Gia was a happy, little companion, a tiny reminder of all that was good and right in his world. As he watched her that morning, toddling at his heels, mimicking everything he said, and blissfully unaware of his heartbreak, he decided he could face the truth, whatever it was. Gia would not be fatherless. Not like he was. He was her father, and he would always be her father. His name was on the birth certificate, and his presence—the minutes, hours, and days—in her life meant more than the blood in her veins.

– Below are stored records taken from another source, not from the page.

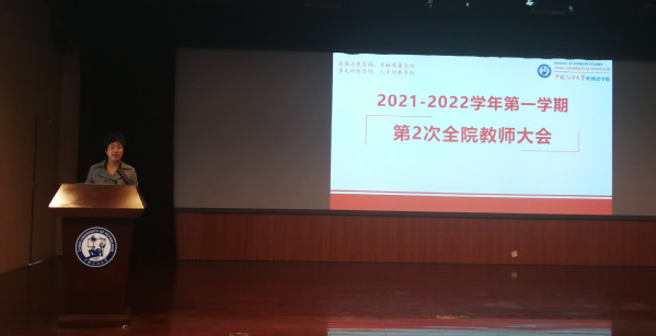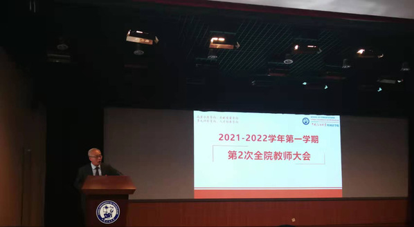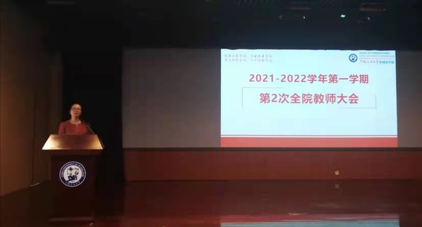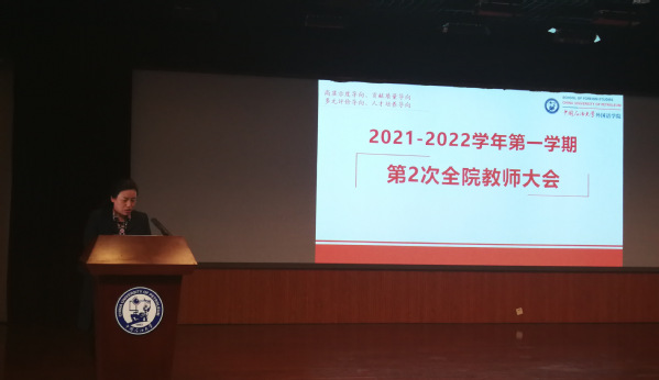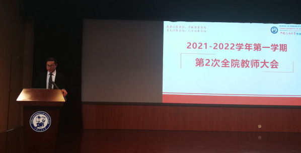 毛浩然院长从“贡献导向、质量导向、高显示度导向、多元评价导向、人才培养导向、学科建设导向”切入,引领全体教师更新观念、抓大放小、求同化异、与时俱进、走上坡路、不走极端,实现教学与科研并重,专业与公外齐飞。他希望大家直面真问题,以系统性全局化的思维做好教学团队、课程团队和科研团队建设。在比对去年和今年仅仅相隔一年时间欧冠毕业生本科教育满意度各项指标所实现的翻天覆地变化的基础上,尤其是有四项指标实现了从全校倒数第一变成全校第一,强调“一切皆有可能,用心无所不能”“以实力赢尊重,以贡献求支持”,以翔实数据鼓舞了全院教师的士气。毛浩然院长还解读了学院教师高级职称评审申请报告和学院领导及院属各单位年度重点工作,对两份拟报送学校的岗聘新文件进行了详细说明。经全院教师表决,这两份新文件获得了高票通过。
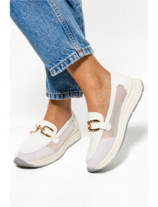 Beżowe mokasyny skórzane damskie na elastycznej platformie stalowa ozdoba PRODUKT POLSKI Casu 89832
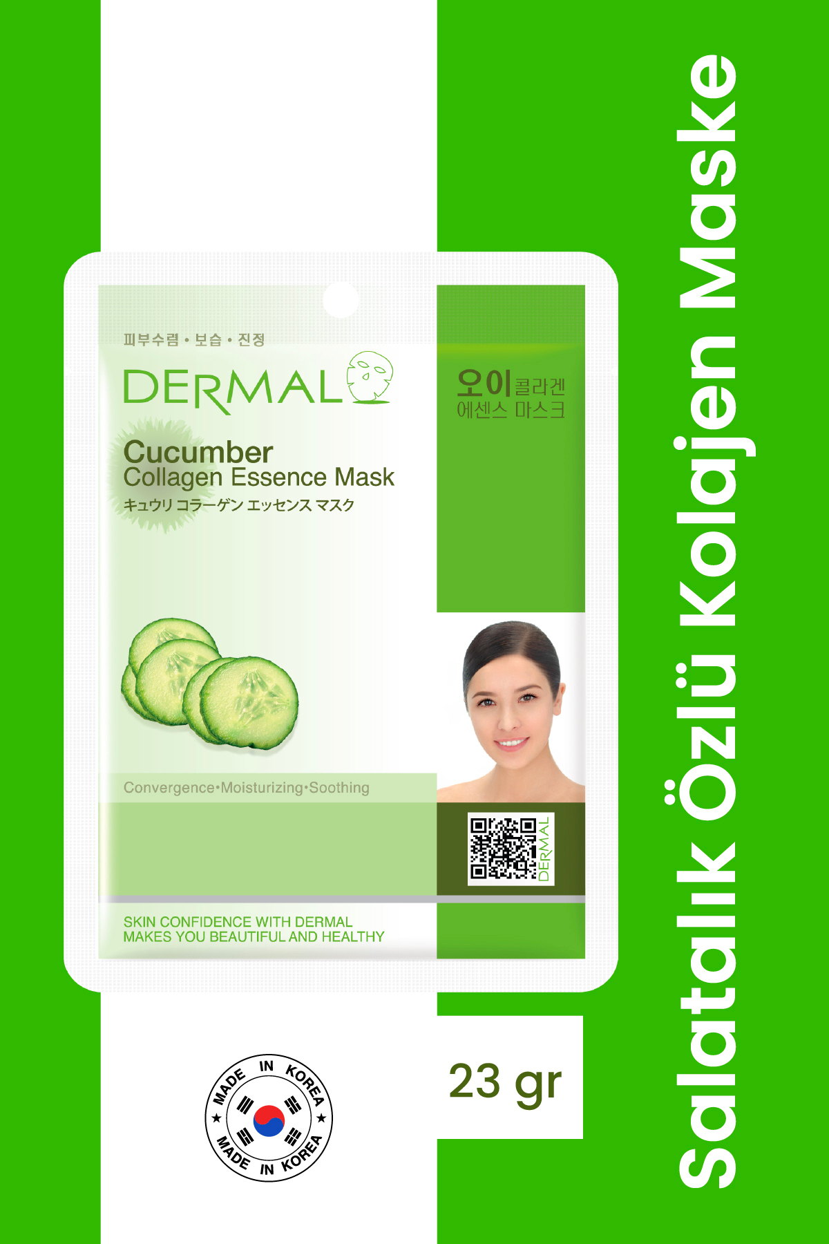 Dermal Nemlendirici ve Pürüzsüzleştirici Salatalık Özlü Kolajen Maske 23 GR

Commitment didn’t require genetics, and he was all in. But he’d never been one to stick his head in the sand. It was too frightening, too dark and gritty, his ass in the wind, his senses dulled. Whatever the truth was, he wanted to know it, if only to better protect his daughter, to better understand his wife, and to better prepare himself. So on Tuesday afternoon he got Gia dressed and prepared himself for the worst.

Gia might be cheerful, but she was also stubborn, and if she looked like a tiny bag lady when they left the house, it was not her daddy’s fault. She had a thing for layers, and she hated shoes. Maybe it was because Mer painted her toes every Monday—usually a different color on every toe—and Gia liked the way her toes looked and didn’t want to cover them. The only shoes Noah could reliably get her to wear were the pink sparkly snow boots that Heather had given her for Christmas. They were growing too small, and Noah, worried that she would outgrow them before she was ready to part with them, had purchased three pairs in the next three sizes. Pink snow boots in August could be a problem, but he would cross that bridge when he came to it.